L’accumulation nucléaire rapide que nous observons survient en réponse à une stimulation des neurones soit par le glutamate in vitro, soit par la cocaïne in vivo. L’étude de Finkbeiner a montré que le transport de Arc vers le noyau dépend de l’activation des voies de signalisation MEK-ERK, et PLC en réponse au BDNF (Korb et al., 2013). Dans nos deux modèles, il est envisageable que l’activation de la voie ERK soit impliquée dans la régulation du trafic nucléaire de Arc. Il est cependant difficile de répondre à cette question in vivo puisque l’activation de la voie ERK contrôle l’induction de la protéine. Il serait en revanche possible d’étudier l’implication de ERK in vitro, dans un modèle de transfection de MSN en culture tel que celui que nous avons utilisé et dans lequel la protéine Arc fusionnée à la GFP serait exprimée indépendamment de l’activité de ERK. Dans ce cas, l’application d’un inhibiteur de ERK avant le traitement par le glutamate permettrait d’évaluer le rôle de ERK dans la translocation nucléaire de la protéine. Bien qu’informatives, ces expériences n’ont pas été réalisées car notre étude étant majoritairement centrée sur la caractérisation du rôle de Arc en aval de ERK in vivo dans le contexte d’une exposition à la cocaïne Il est envisageable également que des modifications post-traductionnelles de la protéine soient engagées dans sa translocation nucléaire. Des observations issues du groupe du Pr. Bramaham indiquent que la sumoylation de Arc diminue sa localisation nucléaire et augment son expression dans la fraction cytoplasmique associée au cytosquelette (Bramham et al., 2010). Ces observations

évoquées dans une revue restent non publiées à ce jour et aucun mécanisme précis n’est proposé pour expliquer le lien entre la sumoylation de la protéine et son trafic nucléaire. Si l’expression nucléaire de Arc augmente rapidement après l’injection de cocaïne, elle s’est également révélée très transitoire et revient à son niveau basal rapidement après son pic d’induction.
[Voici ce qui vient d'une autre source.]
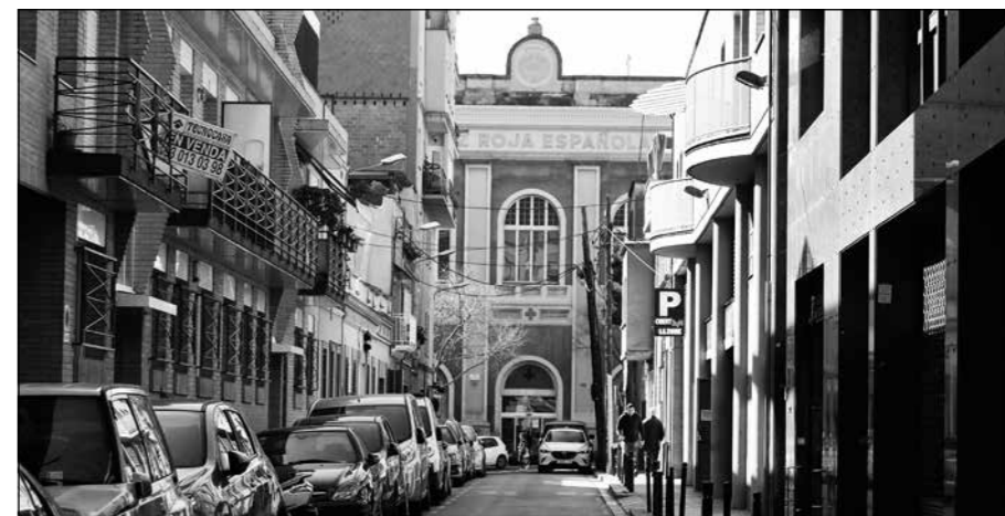
Passatge de la Independència, amb l'Hospital de la Creu Roja al fons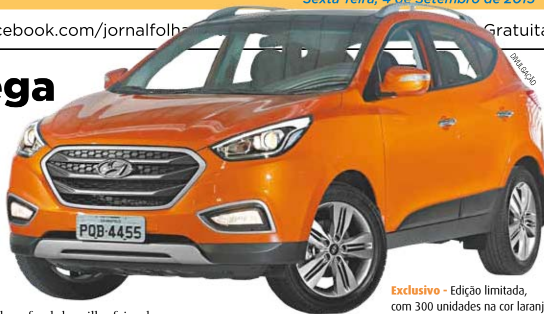
Exclusivo - Edição limitada, com 300 unidades na cor laranja

Produzido na planta da CAO A Montadora, em Anápolis (GO), o Hyundai New iX35 Flex traz um design externo com ainda mais requinte e sofisticação. Seu visual dianteiro foi totalmente renovado e marcado principalmente pela proeminente grade com três filetes foscos cobrindo parcialmente uma colmeia interna, ambas contornadas pela moldura em formato hexagonal. Completando o pacote de mudanças na dianteira do mode-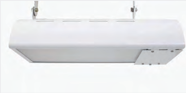
El. nr. 3508806

Le transport de Arc hors du noyau n’est pas associé à une relocalisation cytoplasmique puisque la diminution de l’expression nucléaire est synchrone avec la diminution de l’expression totale de la protéine. Cette diminution dépend donc très certainement des mécanismes de dégradation de la protéine. Certains mécanismes de dégradation ont été décrits dans le compartiment nucléaire et il est n’est donc pas possible d’exclure totalement que la protéine soit dégradée en partie dans le noyau. La voie canonique de dégradation des protéines est cependant majoritairement cytoplasmique et l’export nucléaire de Arc semble un prérequis important à sa dégradation. Etant donnée la finesse de la régulation de l’expression de Arc à de multiples étapes, il est envisageable que son export soit également soumis à un contrôle étroitement lié à l’activité neuronale. Sa rétention ainsi que son transport à l’extérieur du noyau par des mécanismes régulés par l’activité synaptiques pourraient ainsi contribuer à un contrôle fin de sa fenêtre d’induction nucléaire. Ceci semble critique pour la régulation de ses fonctions au sein du noyau et notamment la restriction temporelle de son activité dans ce compartiment.